▶ **YOUR OBJECTIVE**:
Whenever an image turns up, omit it and return the remaining data exactly.

▶ **MATERIAL TO PROCESS**:
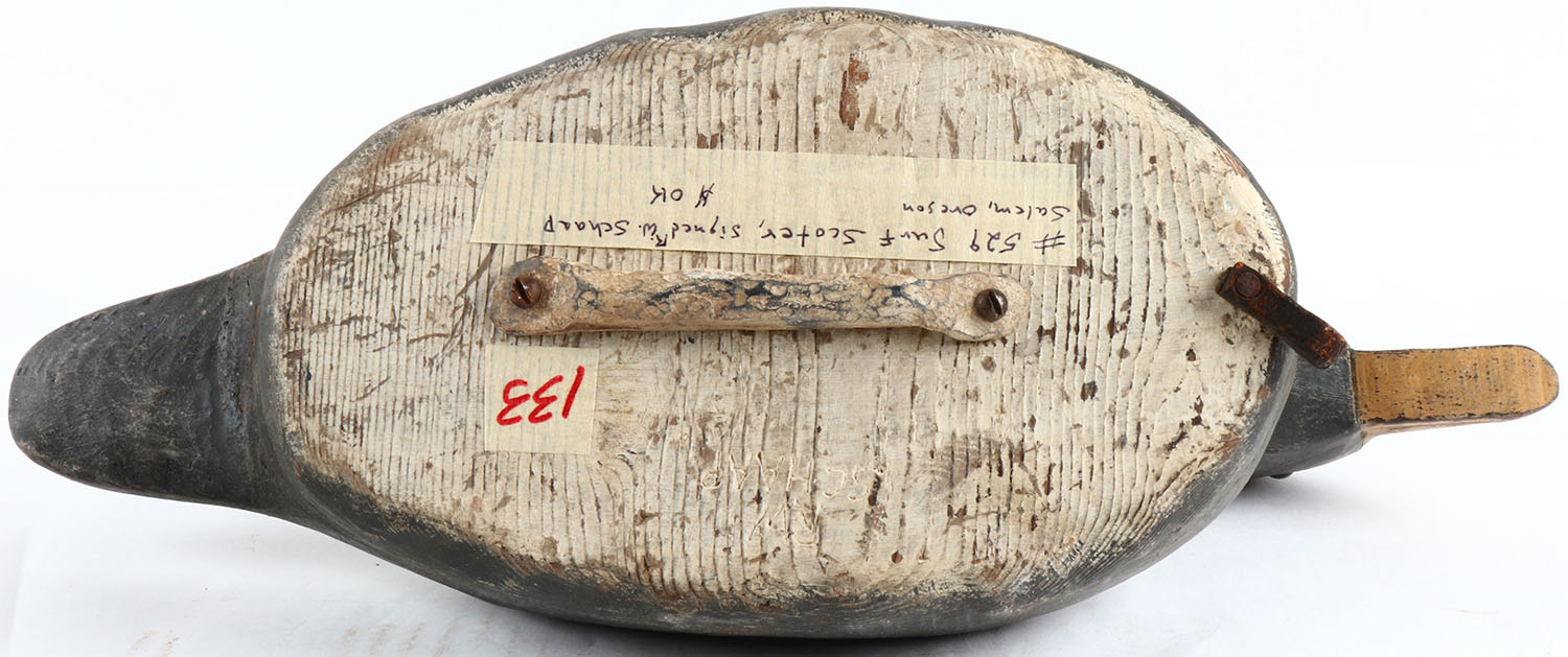 Surf Scoter by R.W. Schaap, Glass eyes, hollow wood, original paint, leather line tie, structurally excellent. Grade: Excellent - Value: 100 to 300
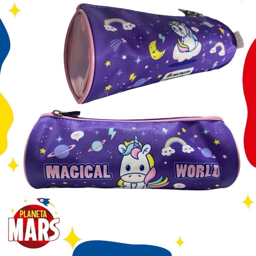 Cartuchera tubo de licencia. Detalle de goma en el cierre. Medida 21cm de largo x 7 cm de alto.
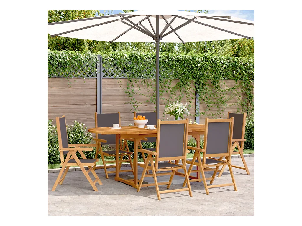 Set de comedor de jardín 7 pzas tela madera maciza antracita
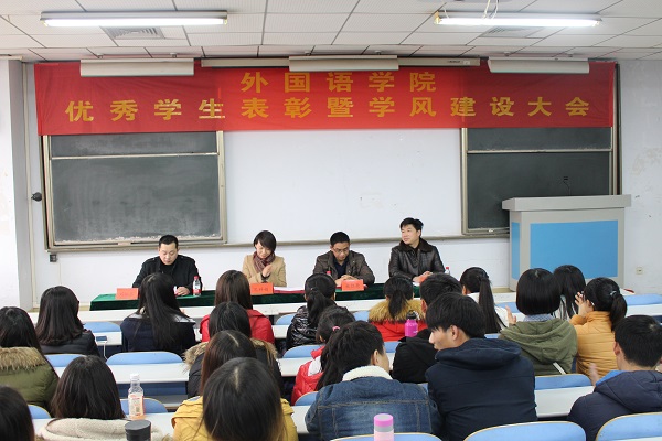 12月25日,外国语学院2014年优秀学生表彰暨学风建设大会在教三楼104教室召开。学院党总支书记杜红亮、副院长周麦成、副书记孔祥娟出席会议,为获奖学生颁奖。
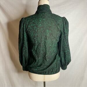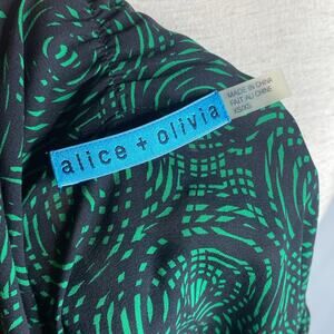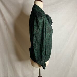 Alice + Olivia silk blend blouse tie neck bow long sleeve printed smocked
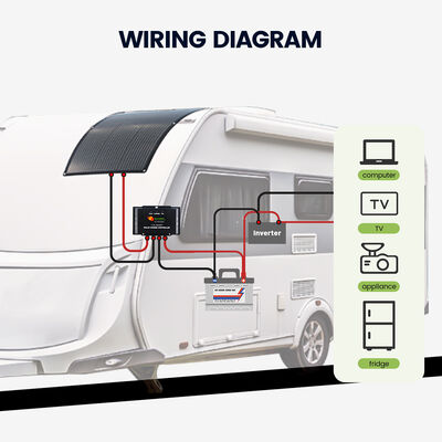 सिस्टम का आउटपुट वोल्टेज 12V DC है, जो अधिकांश RV बैटरी सेटअप के साथ पूरी तरह से संरेखित होता है, जो आपके मौजूदा विद्युत सिस्टम में संगतता और सीधी एकीकरण सुनिश्चित करता है। यह वोल्टेज आउटपुट आपकी आरवी बैटरी को कुशलता से चार्ज करने, रोशनी, उपकरणों और अन्य 12V उपकरणों को बिजली देने के लिए आदर्श है जो आमतौर पर मनोरंजक वाहनों में उपयोग किए जाते हैं।
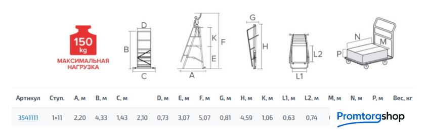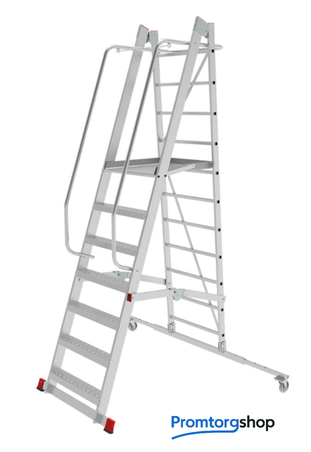 | Тип | лестница передвижная, складная. Лёгкие мобильные подмости для коллективного использования с интенсивными нагрузками снаружи и внутри помещений. Незаменимы для работы на складских стеллажах. Передвижная складная лестница-подмости с площадкой односторонняя предназначена подходит для регулярного использования при профессиональных работах. Идеальна для работы на складских стеллажах. Может применяться внутри и снаружи помещений. Обладает высокой прочностью и долговечностью при лёгком весе (от 42 кг). Соответствует ГОСТ Р58752−2019. Складная конструкция для удобства хранения и транспортировки. Шарнирные замки с автоматической фиксацией в диагональных распорках позволяют легко устанавливать и складывать лестницу. Рабочая площадка 730×620 мм обеспечивает безопасность и удобство при продолжительной работе на высоте. Прочное ограждение высотой 1,1 м с трёх сторон площадки. Подъём оснащён поручнями с двух сторон. Удобные широкие ступени из стали с безопасной кромкой прочно соединены со стойками заклепочным соединением. Глубина ступеней 110 мм. На поверхность ступеней нанесено рифление для устранения скольжения при подъёме. Дополнительные диагональные распорки для жёсткости конструкции. Две жёсткие поперечные траверсы обеспечивают устойчивость лестницы. Одна из траверс телескопическая, с изменяемой длиной для создания максимально широкой площади опоры. Траверсы снабжены колёсными опорами 125×30 мм с тормозами для удобства перемещения и быстрой подготовки к использованию. Практичность и внимание к каждой детали гарантируют безопасность работы на любой высоте. Страна производства: Россия |
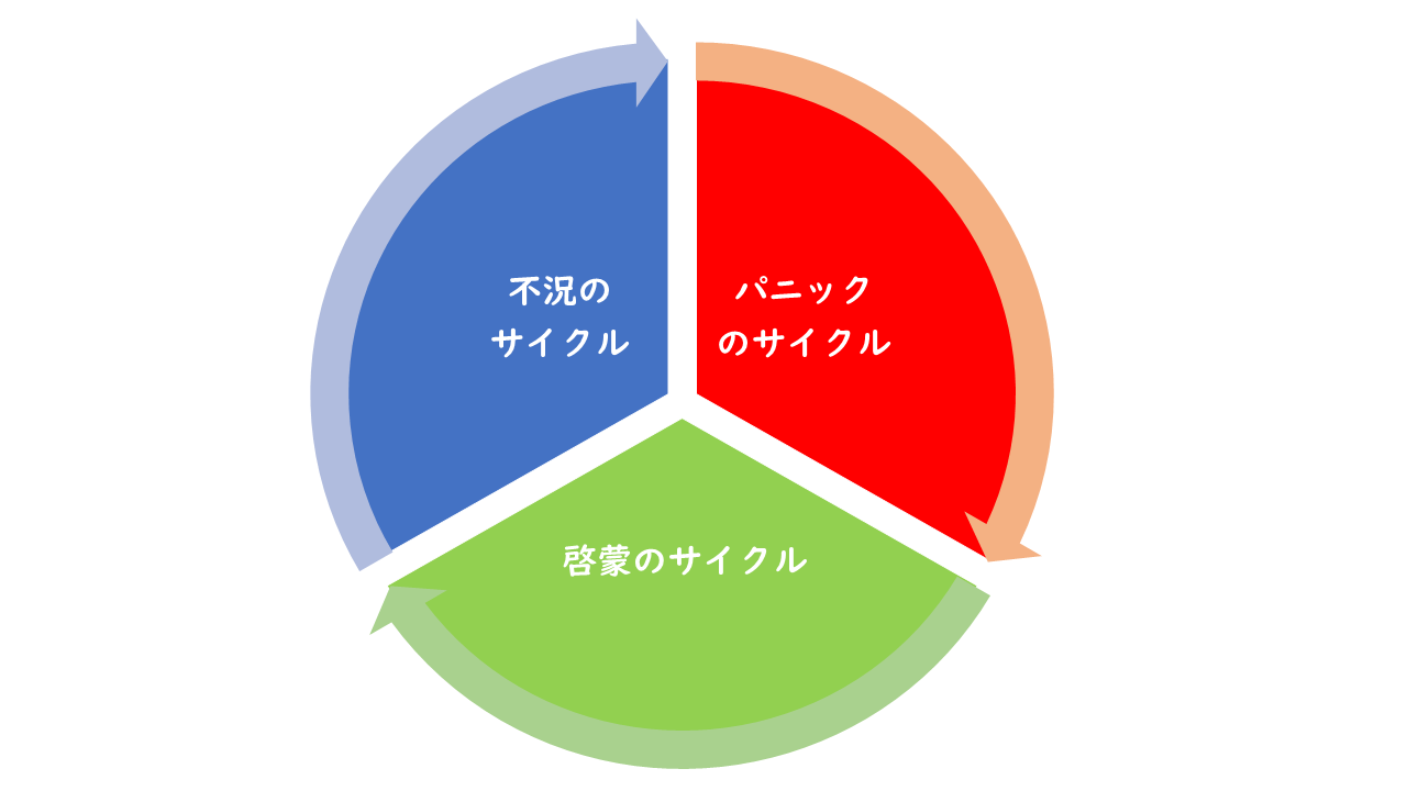 パニックのサイクル、啓蒙のサイクル、不況のサイクルはこちらの通り。常にこの3つのフェーズを行ったり来たりと繰り返し、株式市場は動いていきます。
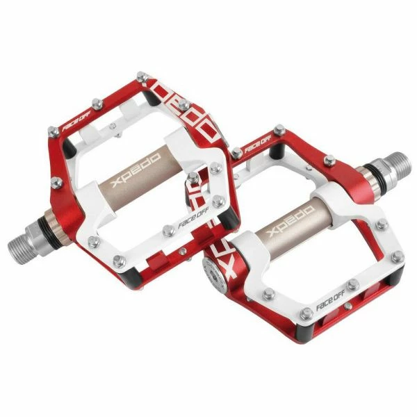 XPEDO MTB/platformspedal FACEOFF 18 MDU-elastomerer absorberer vibrationer under kørslen og beskytter leddene Aluminiumhus 6061 CNC CroMo aksel 1 x patron forseglet 40 udskiftelige stifter Vægt: ca. 408g 99 x 100 x 22mm Opmærksomhed: Brug kun med fuld beskyttelse af benene – ellers risiko for skader

▶ **FINAL ANSWER**:
 Surf Scoter by R.W. Schaap, Glass eyes, hollow wood, original paint, leather line tie, structurally excellent. Grade: Excellent - Value: 100 to 300
 Cartuchera tubo de licencia. Detalle de goma en el cierre. Medida 21cm de largo x 7 cm de alto.
 Set de comedor de jardín 7 pzas tela madera maciza antracita
 12月25日,外国语学院2014年优秀学生表彰暨学风建设大会在教三楼104教室召开。学院党总支书记杜红亮、副院长周麦成、副书记孔祥娟出席会议,为获奖学生颁奖。
 Alice + Olivia silk blend blouse tie neck bow long sleeve printed smocked
 सिस्टम का आउटपुट वोल्टेज 12V DC है, जो अधिकांश RV बैटरी सेटअप के साथ पूरी तरह से संरेखित होता है, जो आपके मौजूदा विद्युत सिस्टम में संगतता और सीधी एकीकरण सुनिश्चित करता है। यह वोल्टेज आउटपुट आपकी आरवी बैटरी को कुशलता से चार्ज करने, रोशनी, उपकरणों और अन्य 12V उपकरणों को बिजली देने के लिए आदर्श है जो आमतौर पर मनोरंजक वाहनों में उपयोग किए जाते हैं।
 | Тип | лестница передвижная, складная. Лёгкие мобильные подмости для коллективного использования с интенсивными нагрузками снаружи и внутри помещений. Незаменимы для работы на складских стеллажах. Передвижная складная лестница-подмости с площадкой односторонняя предназначена подходит для регулярного использования при профессиональных работах. Идеальна для работы на складских стеллажах. Может применяться внутри и снаружи помещений. Обладает высокой прочностью и долговечностью при лёгком весе (от 42 кг). Соответствует ГОСТ Р58752−2019. Складная конструкция для удобства хранения и транспортировки. Шарнирные замки с автоматической фиксацией в диагональных распорках позволяют легко устанавливать и складывать лестницу. Рабочая площадка 730×620 мм обеспечивает безопасность и удобство при продолжительной работе на высоте. Прочное ограждение высотой 1,1 м с трёх сторон площадки. Подъём оснащён поручнями с двух сторон. Удобные широкие ступени из стали с безопасной кромкой прочно соединены со стойками заклепочным соединением. Глубина ступеней 110 мм. На поверхность ступеней нанесено рифление для устранения скольжения при подъёме. Дополнительные диагональные распорки для жёсткости конструкции. Две жёсткие поперечные траверсы обеспечивают устойчивость лестницы. Одна из траверс телескопическая, с изменяемой длиной для создания максимально широкой площади опоры. Траверсы снабжены колёсными опорами 125×30 мм с тормозами для удобства перемещения и быстрой подготовки к использованию. Практичность и внимание к каждой детали гарантируют безопасность работы на любой высоте. Страна производства: Россия |
 パニックのサイクル、啓蒙のサイクル、不況のサイクルはこちらの通り。常にこの3つのフェーズを行ったり来たりと繰り返し、株式市場は動いていきます。
 XPEDO MTB/platformspedal FACEOFF 18 MDU-elastomerer absorberer vibrationer under kørslen og beskytter leddene Aluminiumhus 6061 CNC CroMo aksel 1 x patron forseglet 40 udskiftelige stifter Vægt: ca. 408g 99 x 100 x 22mm Opmærksomhed: Brug kun med fuld beskyttelse af benene – ellers risiko for skader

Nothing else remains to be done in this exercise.